How do you FOIL # (4-5x)(7x-3)#?

1 Answer
Jun 4, 2015

Given the expression #(4-5x)(7x-3)# we can expand using FOIL as follows:

F = First = #4 xx 7x = 28x#
O = Outside = #4 xx -3 = -12#
I = Inside = #-5x xx 7x = -35x^2#
L = Last = #-5x xx -3 = 15x#

Add them together to get:

#28x-12-35x^2+15x#

Hmmm. That's not in a very helpful order.

How about starting again, this time first rearranging the terms in standard order of descending rank of powers of #x# before applying FOIL...
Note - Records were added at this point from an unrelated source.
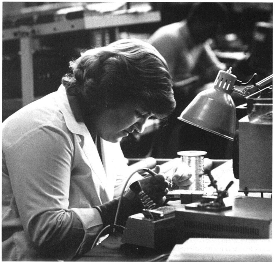
Le montage électronique, l'un des domaines où les besoins de la productivité impliquent un travail de nuit.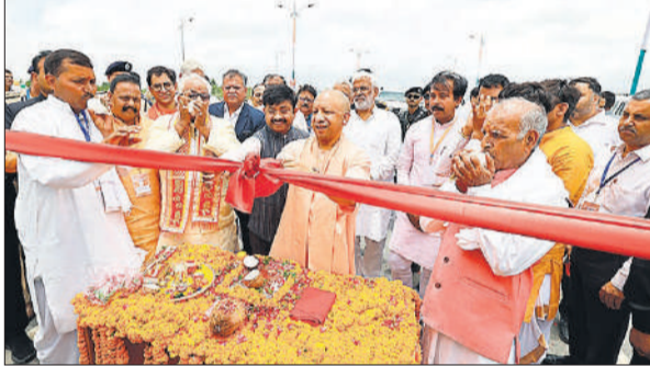
आजमगढ़ के सलारपुर में गोरखपुर लिंक एक्सप्रेस वे का लोकार्पण करते मुख्यमंत्री।

अमृत विचार : मुख्यमंत्री योगी आदित्यनाथ ने शुक्रवार आजमगढ़ और गोरखपुर दोनों तरफ से 7,283 करोड़ की लागत से बने 91.352 किलोमीटर गोरखपुर लिंक एक्सप्रेस-वे का लोकार्पण किया। इस मौके पर अपने संबोधन में पिछली सरकारों पर हमला करते हुए मुख्यमंत्री ने कहा कि वे विकास कार्य करने की बजाय डी-कंपनी (दाऊद गिरोह) के साथ साझेदारी करती थीं। कहा कि कभी पहचान के संकट से जूझने वाला आजमगढ़ जिला आज अदम्य साहस का गढ़ बन गया है। प्रदेश में आम आदमी की सुरक्षा के साथ खिलवाड़ करने वाले के लिए यमलोक का टिकट कट जाता है। लोकार्पण के बाद आजमगढ़ के सलारपुर, फूलपुर में जनसभा को संबोधित करते हुए योगी ने कहा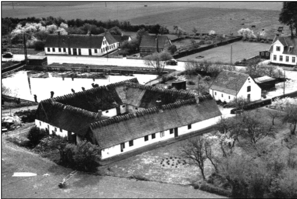
Kærgaard - Luffoto 1952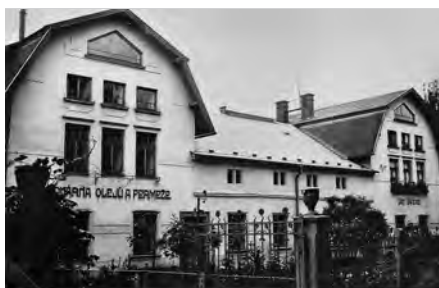
OLEJNA NA „BERNARDOCE“ V LITOMYŠLI. ZALOŽENA R. 1793 V TOMTO STAVU BYLA DO ROKU 1888. ZNOVA VYSTAVENA R. 1901–1913.

Na břehu řeky Loučné, v místě současných panelových domů, stávala od roku 1793 továrna na výrobu lněného oleje, jedna z prvních v českých zemích. V průběhu 19. století několikrát změnila vlastníka, až se koncem století stala majetkem rodiny Vandasů, kteří olejnu modernizovali, rozšířili a na počátku 20. století zřídili parní a vanové lázně s nabídkou rašelinových koupelí. Olejna se stává univerzálním dodavatelem speciálně upravených olejů pro celou řadu výrobních odvětví a mezi zákazníky patří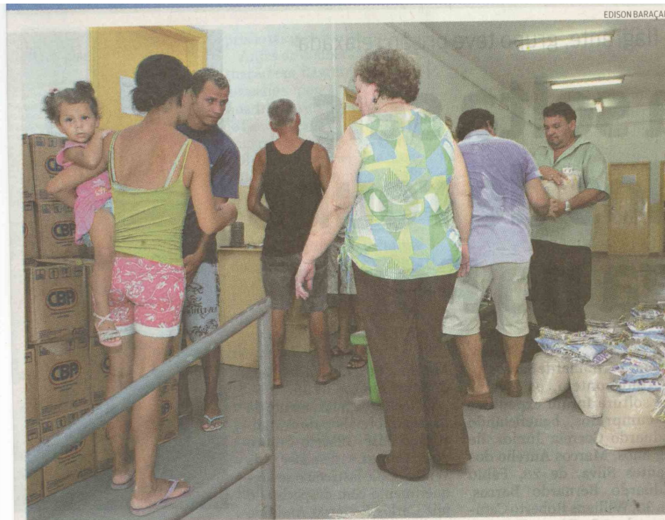
Famílias cadastradas também recebem cesta básica. Prefeitura calcula que fogo deixou 300 desabrigados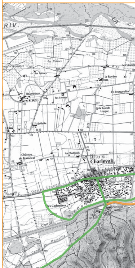
L'élargissement de la voie côté canal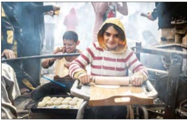
فلسطینیان با کودکانشان به شمال غزه بازگشتند، پیروز مندانه و امیدوار و سازنده

صدها هزار بسیجی در سراسر ایران طوفان «الی بیت المقدس» را بر پا کردند. در تهران ۵۰ هزار بسیجی رزم با رژیم صهیونیستی را به نمایش گذاشتند | صفحه ۲ | محمد مهدی صافی | جوان

#(4-5x)(7x-3) = (-5x+4)(7x-3)#

F = First = #-5x xx 7x = -35x^2#
O = Outside = #-5x xx -3 = 15x#
I = Inside = #4 xx 7x = 28x#
L = Last = #4 xx -3# = -12#

Add them together to get:

#-35x^2+15x+28x-12#

#=-35x^2+43x-12#

Notice that by putting each of the binomial factors in descending order of rank first, FOIL puts the expanded terms in descending order of rank too, and thereby conveniently groups the two middle terms so you can add/subtract them.